Avoiding common traps
The folks who write the GRE are a tricky lot. They bait you with wrong but tempting answers, hoping you’ll bite. By recognizing these common traps, you have a better chance of avoiding them. Here are a few to watch out for:
Mixing main idea with details: Questions asking the main idea or primary purpose of the passage have answer choices that are true but aren’t the main idea. These are trap answers. For example, a passage may describe light pollution from cars or streetlights that obscures stars at night. The main idea isn’t the car headlights or streetlights: It’s the overall effect on nighttime visibility. Double-check the first and last sentences. Is the author asking for increased funding or a course of action? Is the passage challenging a common notion? If you know why the author is writing this, you’ll know the primary purpose of the passage and not be distracted by detail answers.One strategy is to work main idea or primary purpose questions last, especially with a long Reading Comprehension passage. Because you can go back and forth through the questions, you can work them in any order. As you answer the detail questions, you learn more about the main idea; then you can go back and answer that main idea question. Just don’t forget it and move forward, leaving that question unanswered.

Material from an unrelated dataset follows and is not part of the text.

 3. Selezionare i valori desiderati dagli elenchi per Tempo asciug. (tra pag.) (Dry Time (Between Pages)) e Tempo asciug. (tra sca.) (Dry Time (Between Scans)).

Mixing cause-and-effect relationships: Answer choices typically mix up the cause-and-effect relationships of details in the passage. If the tide comes in because of the moon, for example, and this causes all the ships to rise, the question will check your understanding of what caused what to happen. Skim the passage for key words relating to the cause-and-effect described in the question. From the preceding example, look for the words moon, tide, and ships. Find the discussion of these events, and make sure the answer choice reflects the events discussed in the passage.
Mixing in your own knowledge: You may know something about the topic at hand. If you’re like most people, you add detail based on your own knowledge and expertise from other things that you’ve read. Sometimes, these details tempt you to choose an answer that’s true by your understanding but wrong per the passage. Be careful not to mix your own knowledge with what’s in the passage. I had a student who was a chemistry major work on a Reading Comp passage on chemistry, and she vehemently disagreed with what was in the passage. She was probably right — but she got all the questions wrong, based on what she thought it should be instead of what the passage said.

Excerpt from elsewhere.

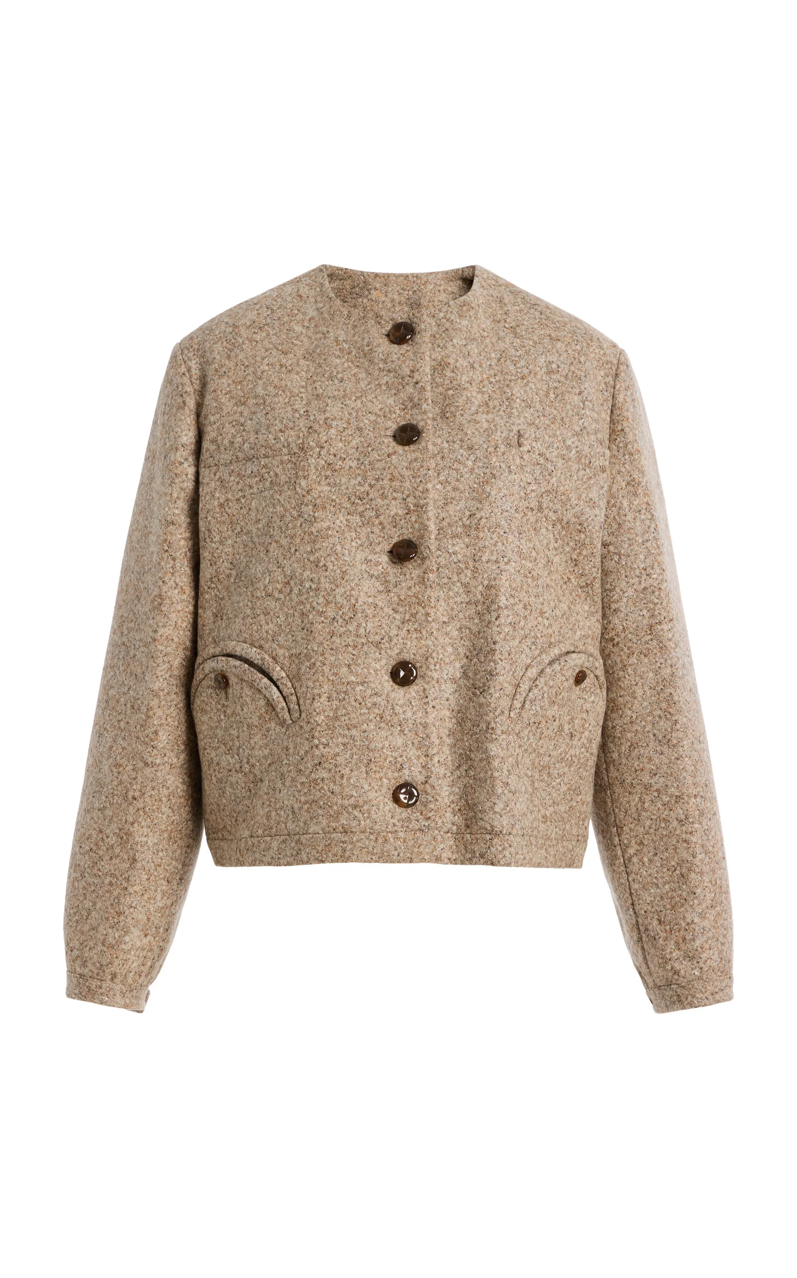 Blazers are a wardrobe essential—and those by the Milan-based trio of former fashion editors have been honed and perfected, season after season, to ensure they're a cut above the rest. Whichever you choose—you can’t go wrong. This bolero jacket has an oversized fit – in fact, it fits a size larger, like all Gliss Bolero models. In a beige virgin wool/alpaca blend, this warm, soft jacket has lightly padded shoulders and signature 'Smiley' pockets. PRODUCT DETAILS - Resort '26 - Button fastening - Composition: 66% alpaca, 34% virgin wool - Dry clean - Made in Italy

Answering the question yourself
One good way to dodge the answer-choice traps is to answer the question yourself first, before looking at the answer choices. Get a sense of what the right answer should be, then eliminate the wrong answer choices.
The right answer won’t match your own answer. That’s okay, it doesn’t have to. What it does is make the wrong answers clearly stand out, so that you can take them out of the running and focus on what remains. With a sense of what the right answer should be, three answers will stand out as not a chance and one will stand out as maybe. Go with the maybe: You can always return to it later.

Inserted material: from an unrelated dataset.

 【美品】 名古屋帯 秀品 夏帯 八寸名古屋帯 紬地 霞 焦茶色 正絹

Acing the Three Commonly Tested Reading Comprehension Passages
Reading Comprehension passages are typically based on either biological and physical sciences, social sciences, or humanities. Each of the following sections explains one passage type; presents a passage of that type along with sample questions, answers, and explanations to get you up to speed; and provides additional guidance and tips for successfully answering each question.
The biological and physical science passage
A biological or physical science passage is straightforward, giving you the scoop on something. It may be how stellar dust is affected by gravity, how to build a suspension bridge, or how molecular theory applies. The passage may be difficult to get through (because it goes into depth on an unfamiliar subject), so read it quickly for the gist and go back later for the details.
Here’s a science passage for you to practice on. Don’t forget to check the introduction paragraph for the overall gist of the passage and to look for the high-level contribution of each paragraph. If you know each paragraph’s purpose, you can quickly find the details when you need them.
Microbiological activity clearly affects the mechanical strength of leaves. Although it cannot be denied that with most species the loss of mechanical strength is the result of both invertebrate feeding and microbiological breakdown, the example of Fagus sylvatica illustrates loss without any sign of invertebrate attack being evident. Fagus shows little sign of invertebrate attack even after being exposed for eight months in either a lake or stream environment, but results of the rolling fragmentation experiment show that loss of mechanical strength, even in this apparently resistant species, is considerable.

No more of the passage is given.